▸ PROBLEM DETAILS
The answer should be the records below, word for word, with every image left out.

Source data

☆ ☆ ☆ ☆

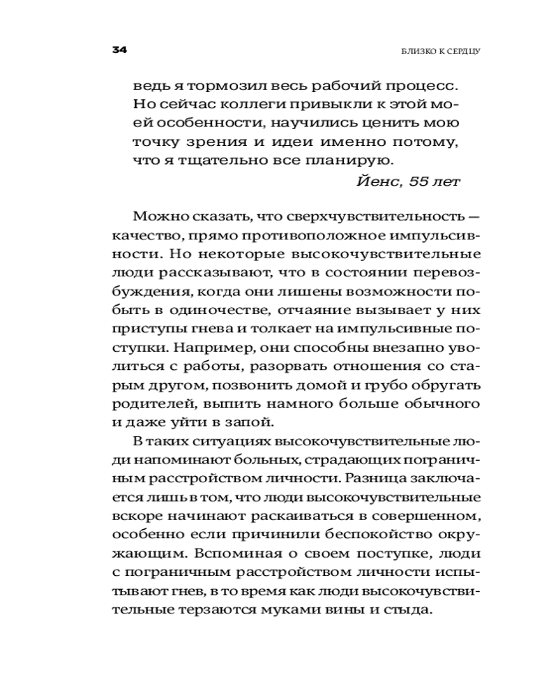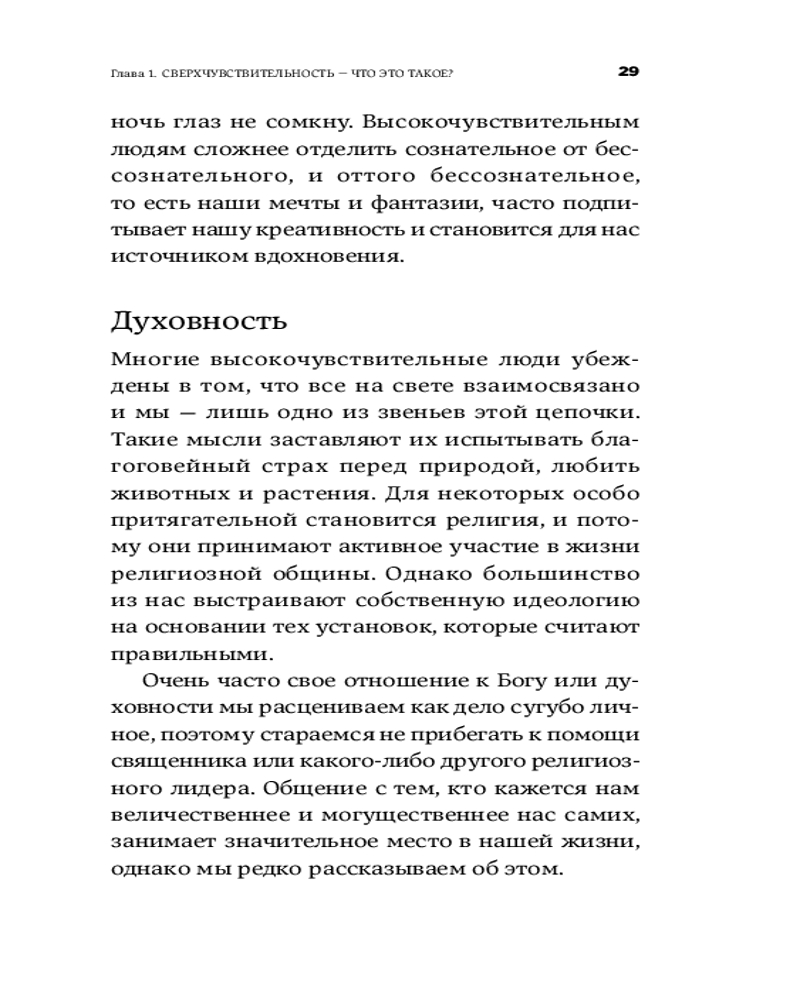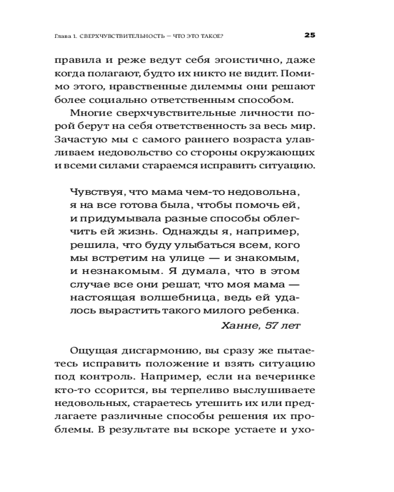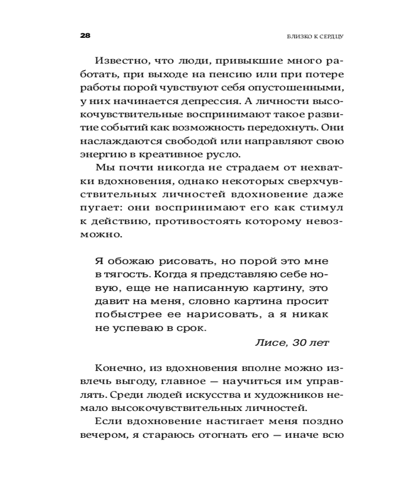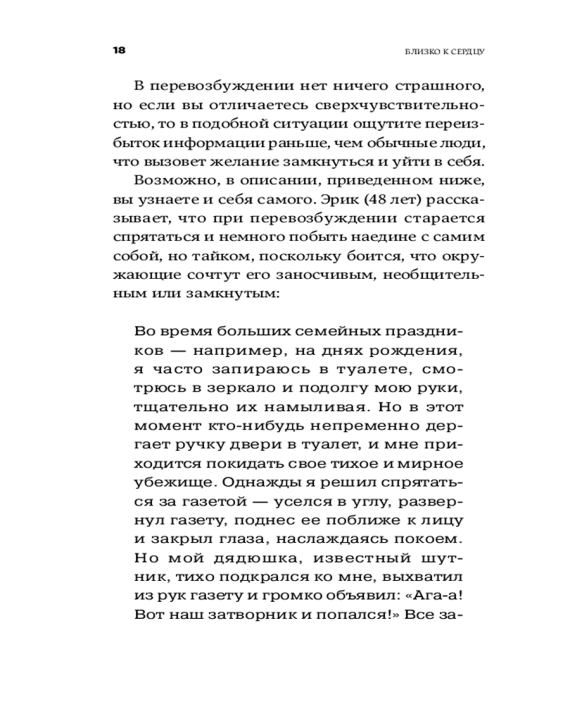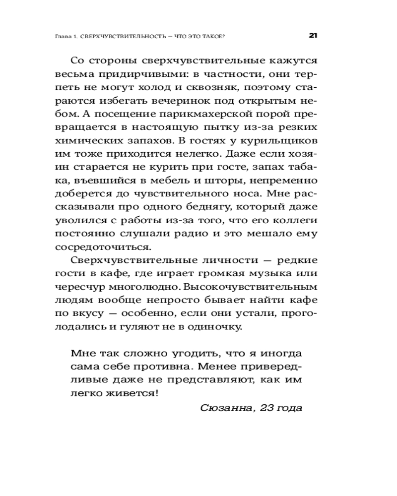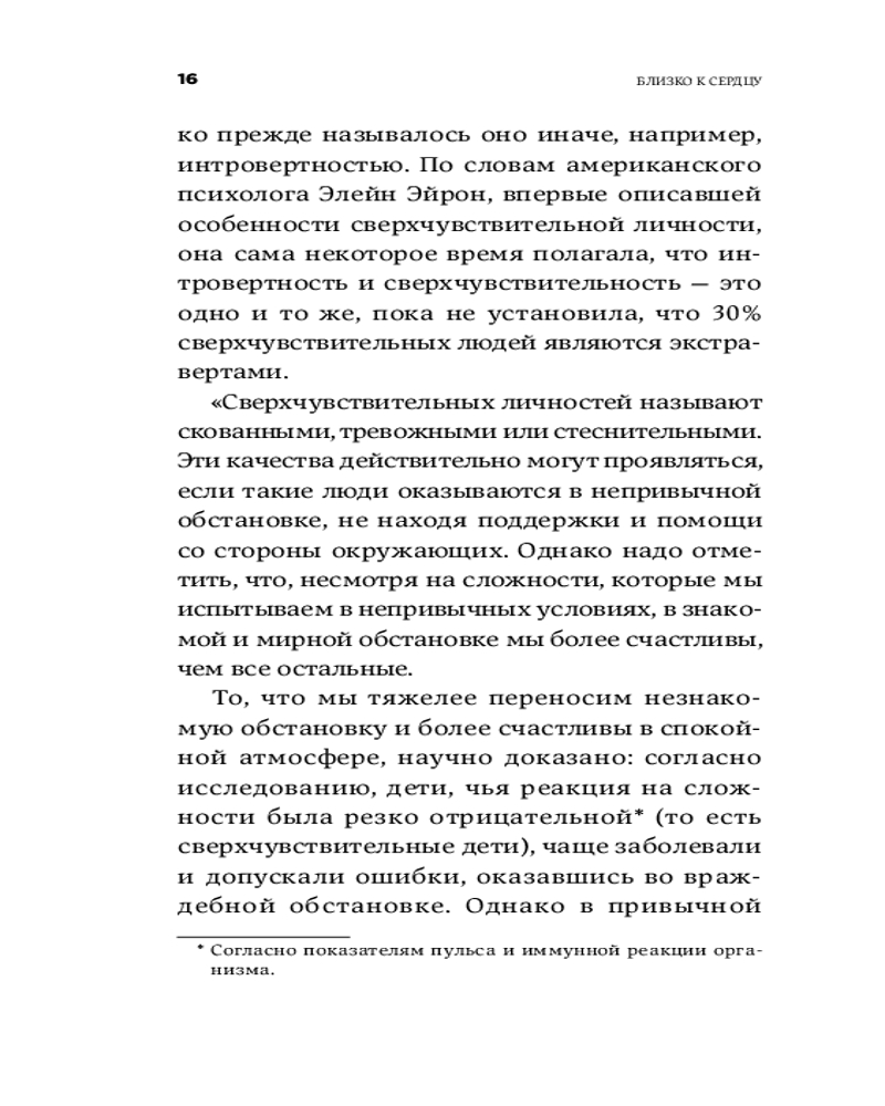 💳 Оплатить за товар можно при получении 🇰🇿 Есть бесплатная доставка по Казахстану 🎁 Копите бонусы с каждой покупки Высокочувствительные люди или новые интроверты — так называют тех, кто острее других реагирует на шум или суету, быстро устает от общества и любит уединение. Эти люди тонко чувствуют мир и обращают внимание на мельчайшие детали, поэтому из них нередко получаются прекрасные поэты, художники и писатели. Однако жить среди других им тяжело: слишком часто приходится оправдываться за свою усталость и нелюдимость, слишком ранит критика, слишком много сил уходит на сопереживание, а также на то, чтобы соответствовать принятым в обществе стандартам. |
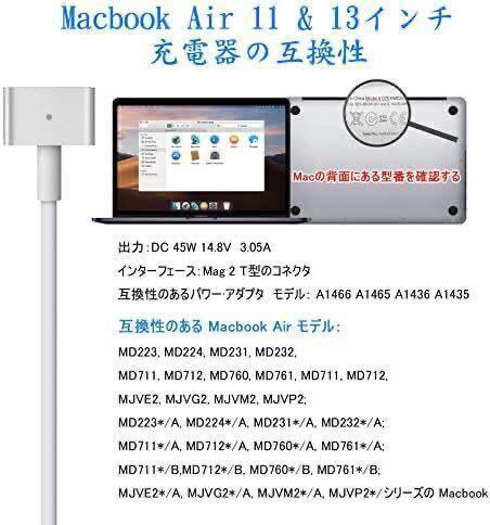 Macbook Air 用 充電器 45W Mag 2 T 型 Macbook Air 用 互換 電源アダプタ Macbook A1435 / A1436 / A1465 / A1466 T字コネクタ MacBook Airの11インチおよび13インチ 充電器
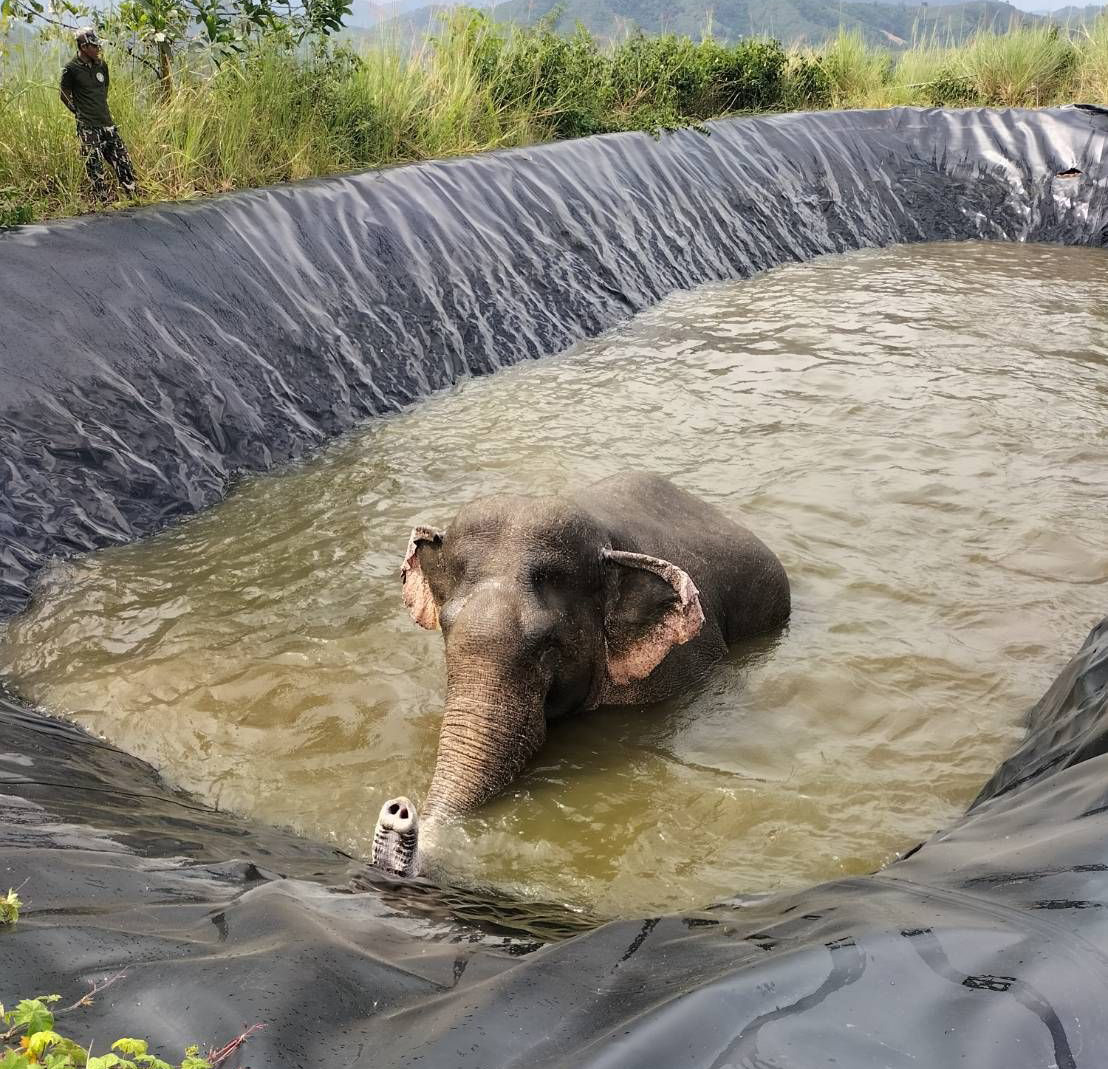 เร่งช่วยเจ้าด้วนหูด่างช้างเพศผู้ตกสระน้ำ หลังปลอดภัยยืนนิ่งหันหน้าขอบคุณ
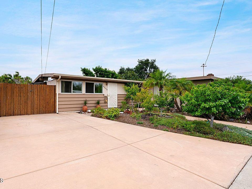 A wonderful opportunity presents itself again! This cozy N Clairemont home has an open floor plan with natural light and westerly breezes. Enjoy a spacious, thoughtfully landscaped drought tolerant yard with an abundance of fruit trees that only require minimal watering. This home has been very well cared for with features to include sprinkler system, large covered patio, recently painted interior and exterior, newer driveway, roof, wood fencing, shed, gutters, windows and hot water heater. Additional features, three ceiling fans, wall heater, W/D hook up inside (possible to modify for stack W/D). Upgrades to include remodeled bathroom, mini split AC/heat, vinyl plank and tile flooring. Possible ADU/garage conversion and RV parking. Located near restaurants, shopping, freeway access, parks and beaches. This home is ready for your personalization! Some of the interior photos are virtually staged.
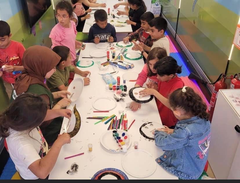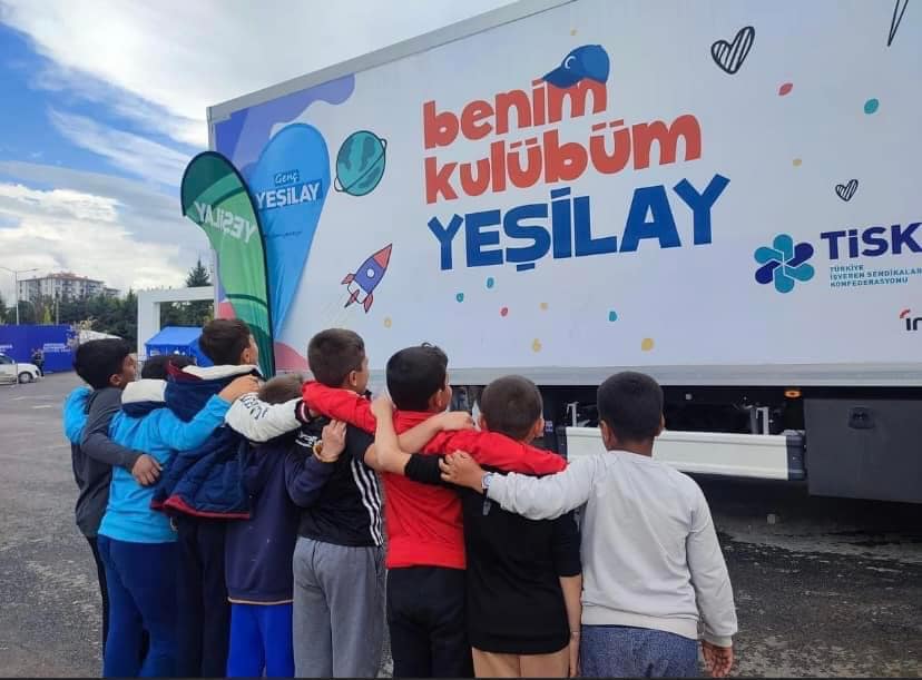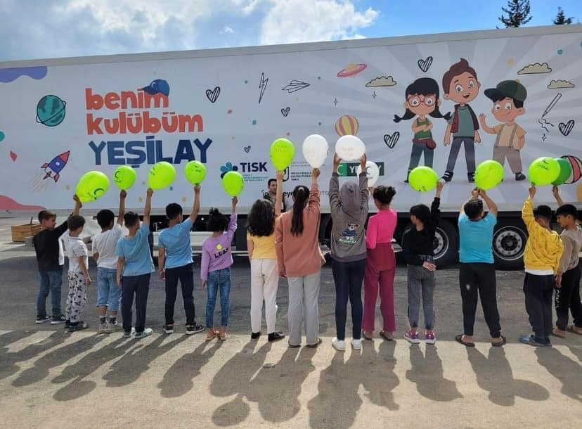 Deprem Bölgesinde ''Benim Kulübüm Yeşilay Psikososyal Destek Tırı''nda çocuklar birlikte hem eğleniyor hem de öğreniyor.

☆ ☆ ☆ ☆

▸ ANSWER SPACE
 💳 Оплатить за товар можно при получении 🇰🇿 Есть бесплатная доставка по Казахстану 🎁 Копите бонусы с каждой покупки Высокочувствительные люди или новые интроверты — так называют тех, кто острее других реагирует на шум или суету, быстро устает от общества и любит уединение. Эти люди тонко чувствуют мир и обращают внимание на мельчайшие детали, поэтому из них нередко получаются прекрасные поэты, художники и писатели. Однако жить среди других им тяжело: слишком часто приходится оправдываться за свою усталость и нелюдимость, слишком ранит критика, слишком много сил уходит на сопереживание, а также на то, чтобы соответствовать принятым в обществе стандартам. |
 Macbook Air 用 充電器 45W Mag 2 T 型 Macbook Air 用 互換 電源アダプタ Macbook A1435 / A1436 / A1465 / A1466 T字コネクタ MacBook Airの11インチおよび13インチ 充電器
 เร่งช่วยเจ้าด้วนหูด่างช้างเพศผู้ตกสระน้ำ หลังปลอดภัยยืนนิ่งหันหน้าขอบคุณ
 A wonderful opportunity presents itself again! This cozy N Clairemont home has an open floor plan with natural light and westerly breezes. Enjoy a spacious, thoughtfully landscaped drought tolerant yard with an abundance of fruit trees that only require minimal watering. This home has been very well cared for with features to include sprinkler system, large covered patio, recently painted interior and exterior, newer driveway, roof, wood fencing, shed, gutters, windows and hot water heater. Additional features, three ceiling fans, wall heater, W/D hook up inside (possible to modify for stack W/D). Upgrades to include remodeled bathroom, mini split AC/heat, vinyl plank and tile flooring. Possible ADU/garage conversion and RV parking. Located near restaurants, shopping, freeway access, parks and beaches. This home is ready for your personalization! Some of the interior photos are virtually staged.
 Deprem Bölgesinde ''Benim Kulübüm Yeşilay Psikososyal Destek Tırı''nda çocuklar birlikte hem eğleniyor hem de öğreniyor.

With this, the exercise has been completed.